Saturday, June 2, 2012

Kahtsaai: Intensives and Content Questions

Version 1.3 of the Conlanger's Thesaurus is out. It has a few more polysemy maps, a few more grammaticalizations, and an addition to the final section with some notes on the typology of content question words ("who, what, when," etc.). The semantic map I got from "thread" was suitably and ironically tangled.

Some of the work on the Thesaurus has motivated me to make a few refinements to Kahtsaai. The biggest change is that I made some changes to question words. In English and the rest of the Indo-European family, we're used to content question words being obviously related in some way. In English, they all start with wh-, and in the Romance languages with qu-/c-. But it turns out this pattern is very rare in the world's languages, which may have completely unrelated roots for their core set of question words. So, I irregularized Kahtsaai a bit, with *ye'wei where becoming táá, and *ye'pas why becoming łouh.
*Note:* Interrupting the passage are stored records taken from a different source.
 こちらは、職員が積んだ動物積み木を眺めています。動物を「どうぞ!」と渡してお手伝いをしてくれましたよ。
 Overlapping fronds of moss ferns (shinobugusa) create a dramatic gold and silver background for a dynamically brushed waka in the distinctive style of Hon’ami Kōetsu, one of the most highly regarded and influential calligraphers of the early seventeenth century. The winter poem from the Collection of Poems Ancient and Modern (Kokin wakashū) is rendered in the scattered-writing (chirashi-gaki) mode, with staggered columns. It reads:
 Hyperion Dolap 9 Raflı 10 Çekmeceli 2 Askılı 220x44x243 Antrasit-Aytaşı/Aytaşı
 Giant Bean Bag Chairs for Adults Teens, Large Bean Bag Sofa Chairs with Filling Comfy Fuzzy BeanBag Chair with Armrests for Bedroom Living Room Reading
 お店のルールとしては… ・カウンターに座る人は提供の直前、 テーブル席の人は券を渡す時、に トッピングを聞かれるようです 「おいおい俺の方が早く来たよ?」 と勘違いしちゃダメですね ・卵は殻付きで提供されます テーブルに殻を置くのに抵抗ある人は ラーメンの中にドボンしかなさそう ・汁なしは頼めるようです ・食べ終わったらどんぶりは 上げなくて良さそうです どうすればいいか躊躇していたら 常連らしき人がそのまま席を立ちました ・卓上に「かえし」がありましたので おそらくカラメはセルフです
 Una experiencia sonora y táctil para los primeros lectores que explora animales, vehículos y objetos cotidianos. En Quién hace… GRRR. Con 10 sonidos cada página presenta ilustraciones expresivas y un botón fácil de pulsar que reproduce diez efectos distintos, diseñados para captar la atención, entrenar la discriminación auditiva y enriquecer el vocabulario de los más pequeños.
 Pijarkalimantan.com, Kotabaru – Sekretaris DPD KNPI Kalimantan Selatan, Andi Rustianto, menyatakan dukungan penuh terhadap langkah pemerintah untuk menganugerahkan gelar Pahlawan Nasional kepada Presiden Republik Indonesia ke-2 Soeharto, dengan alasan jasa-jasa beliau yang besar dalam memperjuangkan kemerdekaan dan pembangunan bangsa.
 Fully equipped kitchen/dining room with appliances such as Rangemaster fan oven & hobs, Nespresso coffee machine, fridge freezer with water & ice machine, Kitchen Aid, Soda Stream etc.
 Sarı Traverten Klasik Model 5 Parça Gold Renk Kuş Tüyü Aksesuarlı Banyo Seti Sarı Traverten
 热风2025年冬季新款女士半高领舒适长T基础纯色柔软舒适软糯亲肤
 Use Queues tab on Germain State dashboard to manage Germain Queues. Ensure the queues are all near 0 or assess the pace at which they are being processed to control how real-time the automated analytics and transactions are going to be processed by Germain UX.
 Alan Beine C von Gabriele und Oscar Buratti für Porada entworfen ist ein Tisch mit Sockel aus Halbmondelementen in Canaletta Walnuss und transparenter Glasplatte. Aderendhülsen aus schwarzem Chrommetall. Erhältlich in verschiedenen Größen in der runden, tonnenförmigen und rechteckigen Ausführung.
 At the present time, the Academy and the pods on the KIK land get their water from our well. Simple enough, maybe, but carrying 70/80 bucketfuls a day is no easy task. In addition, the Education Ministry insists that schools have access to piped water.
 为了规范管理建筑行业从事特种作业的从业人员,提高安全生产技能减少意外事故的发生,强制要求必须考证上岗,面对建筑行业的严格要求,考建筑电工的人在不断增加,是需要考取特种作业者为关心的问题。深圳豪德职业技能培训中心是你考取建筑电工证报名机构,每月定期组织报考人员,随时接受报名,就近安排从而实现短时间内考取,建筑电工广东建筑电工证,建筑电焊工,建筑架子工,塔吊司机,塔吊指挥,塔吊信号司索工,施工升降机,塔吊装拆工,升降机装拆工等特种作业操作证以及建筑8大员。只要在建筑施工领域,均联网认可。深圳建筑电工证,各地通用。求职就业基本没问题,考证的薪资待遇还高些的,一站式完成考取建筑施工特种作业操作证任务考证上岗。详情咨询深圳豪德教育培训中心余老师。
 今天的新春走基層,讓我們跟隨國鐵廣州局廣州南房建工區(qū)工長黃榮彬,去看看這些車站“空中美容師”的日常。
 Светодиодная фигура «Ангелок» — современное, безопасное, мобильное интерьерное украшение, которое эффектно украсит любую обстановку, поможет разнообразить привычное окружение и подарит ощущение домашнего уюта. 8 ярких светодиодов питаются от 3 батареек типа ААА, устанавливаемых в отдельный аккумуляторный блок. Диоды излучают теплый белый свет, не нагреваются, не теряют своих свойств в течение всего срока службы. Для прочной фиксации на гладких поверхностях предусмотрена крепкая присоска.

Related to the question words, I have started to fill out the range of indefinites a bit. In particular, there's now an affix on the question words to mark a free choice indefinite ("pick any one"),

Ye'énałso'ołípto.
ye'é-nałsou-n-líp-to
what-FREE.CHOICE2SG-3INAN-select-IMP
Pick anything.

Additionally, it struck me that I didn't yet have a way to indicate intensives, I myself did it. In quite a few languages, those are related to the word for body. I didn't feel like using the full noun for body, tsire. Instead, I took the inspiration from the morpheme used in noun incorporation for body, which is -s(i)-. I expanded that a bit, to -ssi', which must be possessed:

Mokeilaassi'yo'áhlektényolleile.
mokeilats-ssi'yo-'áh-lekté-nyolleile
SUBJsoldier3SG.AN-self3SG.AN-3PL-save-EVIDchildren
The soldier himself saved the children.

Monday, May 28, 2012

Generating Semantic Maps

One of the central features of the Conlanger's Thesaurus is the cross-linguistic semantic maps. For the first version of the Thesaurus I used those I could find in public linguistics journal articles. But it occurred to me I could come up with some of these on my own.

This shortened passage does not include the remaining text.